The present invention relates to powder-actuated tools and, more particularly, to an improvement or attachment permitting the successful driving of relatively small-diameter washered and nonwashered fasteners from an indirect-acting tool.
Indirect-acting, powder-actuated tools adapted for driving fasteners into hard receiving materials, such as metal, masonry, concrete and the like, are well known in the art. One such tool is disclosed in U.S. Pat. No. 3,066,302. Tools of this type, while effective, suffer from a lack of versatility in that use with small-diameter fasteners, i.e. fasteners having a shank diameter appreciably smaller than the diameter of the barrel bore of the tool, requires the attachment of one or more bore-sized washers to the fastener for centering and guidance thereof during driving. Use of such washers is sometimes undesirable, however, as they may be retained on the fastener after driving, rendering impossible the flush-mounting of an item against the surface to which it is attached. Further, the use of such washers leaves the bulk of the fastener shank unsupported during the driving process. Such small, unsupported fastener shanks are subject to bending or buckling during insertion into hard receiving materials, whereby reliable installation of such fasteners may be difficult to achieve.
It is, therefore, a primary object of the present invention to provide means whereby relatively small-diameter fasteners may be reliably driven by existing indirect-acting powder-actuated tools.
It is a further object to provide means whereby such fasteners may be driven by such tools without the addition of washers or other such guiding members and with minimal recoil.

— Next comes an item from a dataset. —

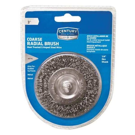 Century Drill & Tool 76431 Coarse Crimped Radial Wire Brush, 3", metal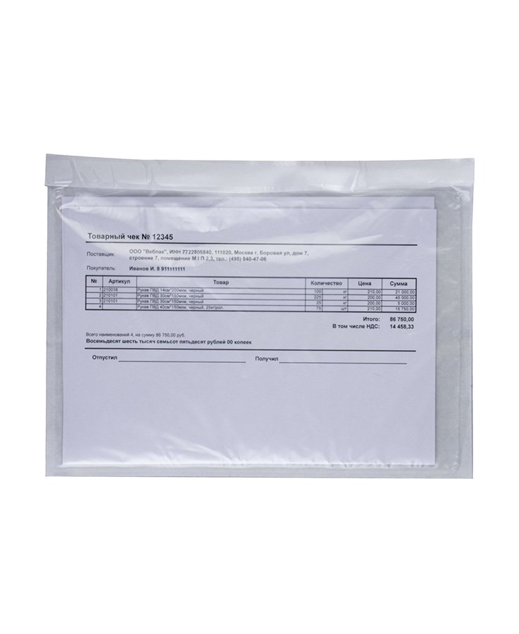 Используются при отправке грузов, посылок, бандеролей: накладные, таможенные документы, квитанции, адресные бланки - любой из этих документов можно вложить в самоклеящийся сопроводительный пакет, запечатать и приклеить его к посылке. Благодаря самоклеящемуся пакету документы будут в сохранности, а вероятность замены груза снизится.

The above and other objects as may hereinafter appear are achieved by an adapter, carried on the muzzle end of the tool barrel and having a bore wherein is operatively disposed an adapter piston adapted for co-operation with the tool piston, the adapter being provided with means for retaining a fastener therein prior to driving thereof. More specifically, the adapter bore comprises two portions: a first portion, of a size to slidingly admit the shank of the tool piston, and a second portion, having a diameter of a size to guide and support the fastener during driving thereof. The adapter piston includes a head slidingly fitted in the first portion of the adapter bore and a shank so fitted in the second bore portion. The adapter piston is preferably spaced apart from to tool piston when both are in the driving or ready-to-fire position, whereby tool recoil is reduced.